Re: [openstack-dev] [tripleo] tripleo gate is blocked - please read

2018-06-14 Thread Emilien Macchi
It sounds like we merged a bunch last night thanks to the revert, so I went
ahead and restored/rechecked everything that was out of the gate. I've
checked and nothing was left over, but let me know in case I missed
something.
I'll keep updating this thread with the progress made to improve the
situation etc.
So from now, situation is back to "normal", recheck/+W is ok.

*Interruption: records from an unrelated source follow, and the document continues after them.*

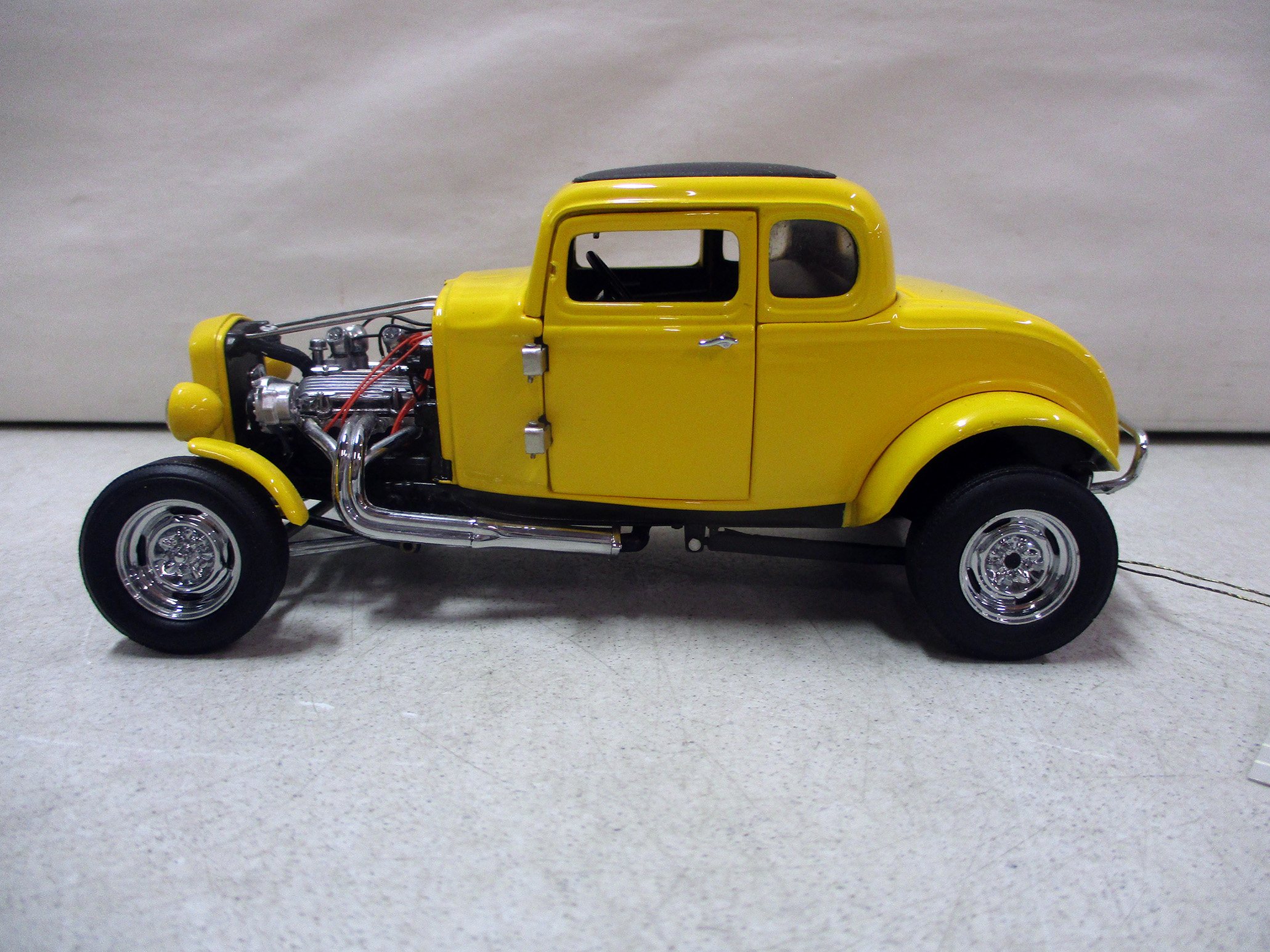 A die-cast model of a yellow hot rod car with black roof accents. Features detailed engine, chrome wheels, and exhaust. The scale, maker, and dimensions are not specified. Suitable for collectors or display purposes. The model is in good visual condition with no apparent damages or missing parts visible. (Click image to see high resolution version).
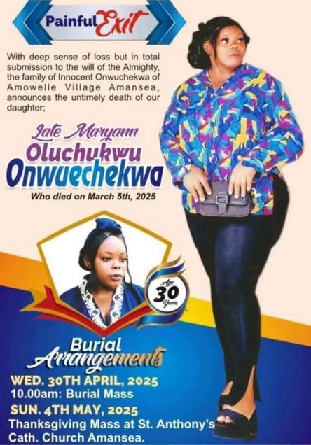 She will be laid to rest on April 30, 2025, in her hometown, Amansea, in Awka North Local Government Area of Anambra State.
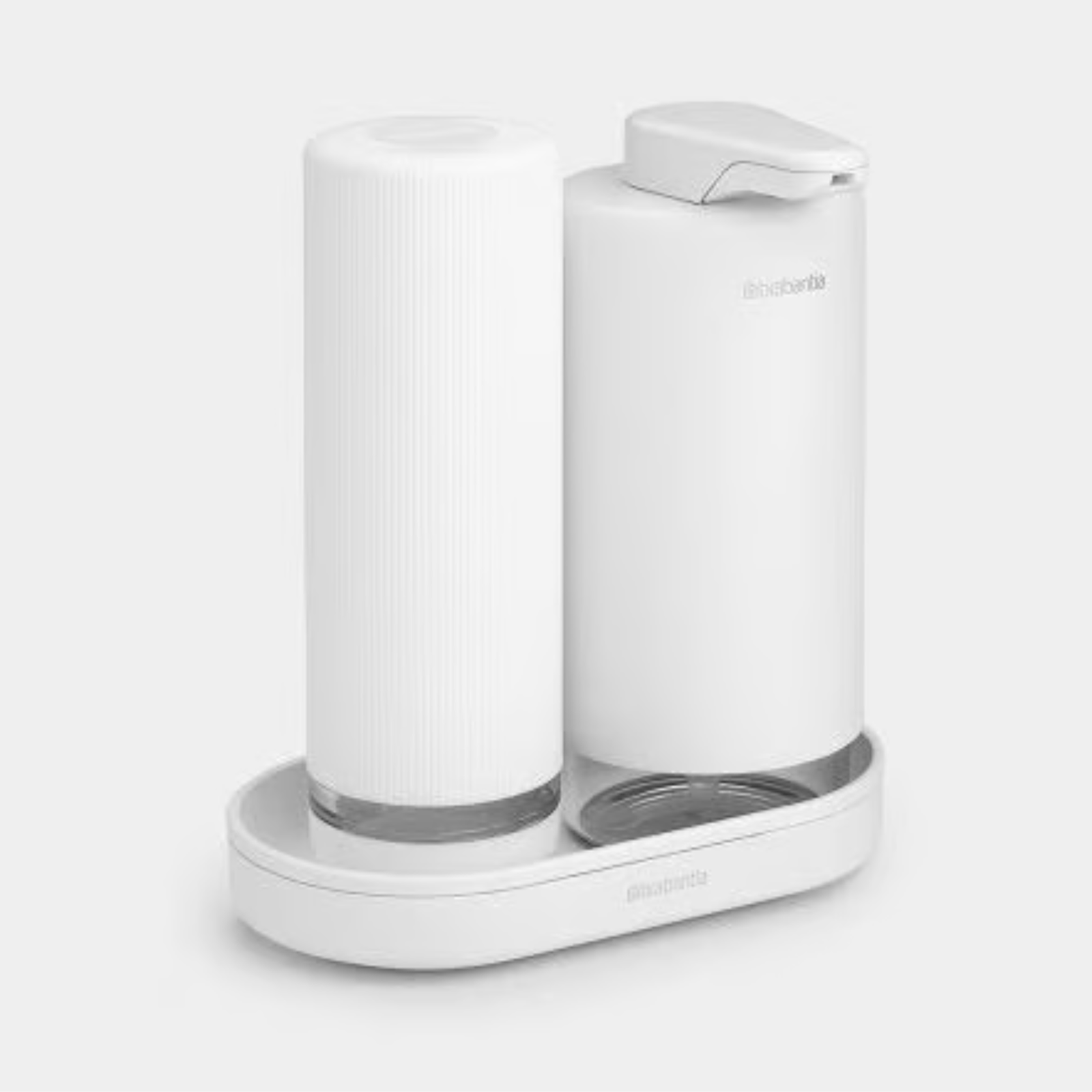 Bring great style to your kitchen with the Brabantia SInkStyle Soap Dispenser Set. Two stylish dispensers for your hand and dish soap on a textured metal tray. These beauties don’t just dispense soap, they ooze style. From the textured body of the Soap Dispenser to its see through holder. And the Soap Squeezer that releases washing up liquid when you squeeze it. Two sparkling examples of Brabantia’s hands-on designs.

Thanks again for your patience,

On Wed, Jun 13, 2018 at 10:39 PM, Emilien Macchi  wrote:

> https://review.openstack.org/575264 just landed (and didn't timeout in
> check nor gate without recheck, so good sigh it helped to mitigate).
>
> I've restore and rechecked some patches that I evacuated from the gate,
> please do not restore others or recheck or approve anything for now, and
> see how it goes with a few patches.
> We're still working with Steve on his patches to optimize the way we
> deploy containers on the registry and are investigating how we could make
> it faster with a proxy.
>
> Stay tuned and thanks for your patience.
>
> On Wed, Jun 13, 2018 at 5:50 PM, Emilien Macchi 
> wrote:
>
>> TL;DR: gate queue was 25h+, we put all patches from gate on standby, do
>> not restore/recheck until further announcement.
>>
>> We recently enabled the containerized undercloud for multinode jobs and
>> we believe this was a bit premature as the container download process
>> wasn't optimized so it's not pulling the mirrors for the same containers
>> multiple times yet.
>> It caused the job runtime to increase and probably the load on docker.io
>> mirrors hosted by OpenStack Infra to be a bit slower to provide the same
>> containers multiple times. The time taken to prepare containers on the
>> undercloud and then for the overcloud caused the jobs to randomly timeout
>> therefore the gate to fail in a high amount of times, so we decided to
>> remove all jobs from the gate by abandoning the patches temporarily (I have
>> them in my browser and will restore when things are stable again, please do
>> not touch anything).
>>
>> Steve Baker has been working on a series of patches that optimize the way
>> we prepare the containers but basically the workflow will be:
>> - pull containers needed for the undercloud into a local registry, using
>> infra mirror if available
>> - deploy the containerized undercloud
>> - pull containers needed for the overcloud minus the ones already pulled
>> for the undercloud, using infra mirror if available
>> - update containers on the overcloud
>> - deploy the containerized undercloud
>>
>> With that process, we hope to reduce the runtime of the deployment and
>> therefore reduce the timeouts in the gate.
>> To enable it, we need to land in that order: https://review.openstac
>> k.org/#/c/571613/, https://review.openstack.org/#/c/574485/,
>> https://review.openstack.org/#/c/571631/ and https://review.openstack.o
>> rg/#/c/568403.
>>
>> In the meantime, we are disabling the containerized undercloud recently
>> enabled on all scenarios: https://review.openstack.org/#/c/575264/ for
>> mitigation with the hope to stabilize things until Steve's patches land.
>> Hopefully, we can merge Steve's work tonight/tomorrow and re-enable the
>> containerized undercloud on scenarios after checking that we don't have
>> timeouts and reasonable deployment runtimes.
>>
>> That's the plan we came with, if you have any question / feedback please
>> share it.
>> --
>> Emilien, Steve and Wes
>>
>
>
>
> --
> Emilien Macchi
>



-- 
Emilien Macchi
__
OpenStack Development Mailing List (not for usage questions)
Unsubscribe: openstack-dev-requ...@lists.openstack.org?subject:unsubscribe
http://lists.openstack.org/cgi-bin/mailman/listinfo/openstack-dev


Re: [openstack-dev] [tripleo] tripleo gate is blocked - please read

2018-06-14 Thread Monty Taylor

On 06/13/2018 07:50 PM, Emilien Macchi wrote:
TL;DR: gate queue was 25h+, we put all patches from gate on standby, do 
not restore/recheck until further announcement.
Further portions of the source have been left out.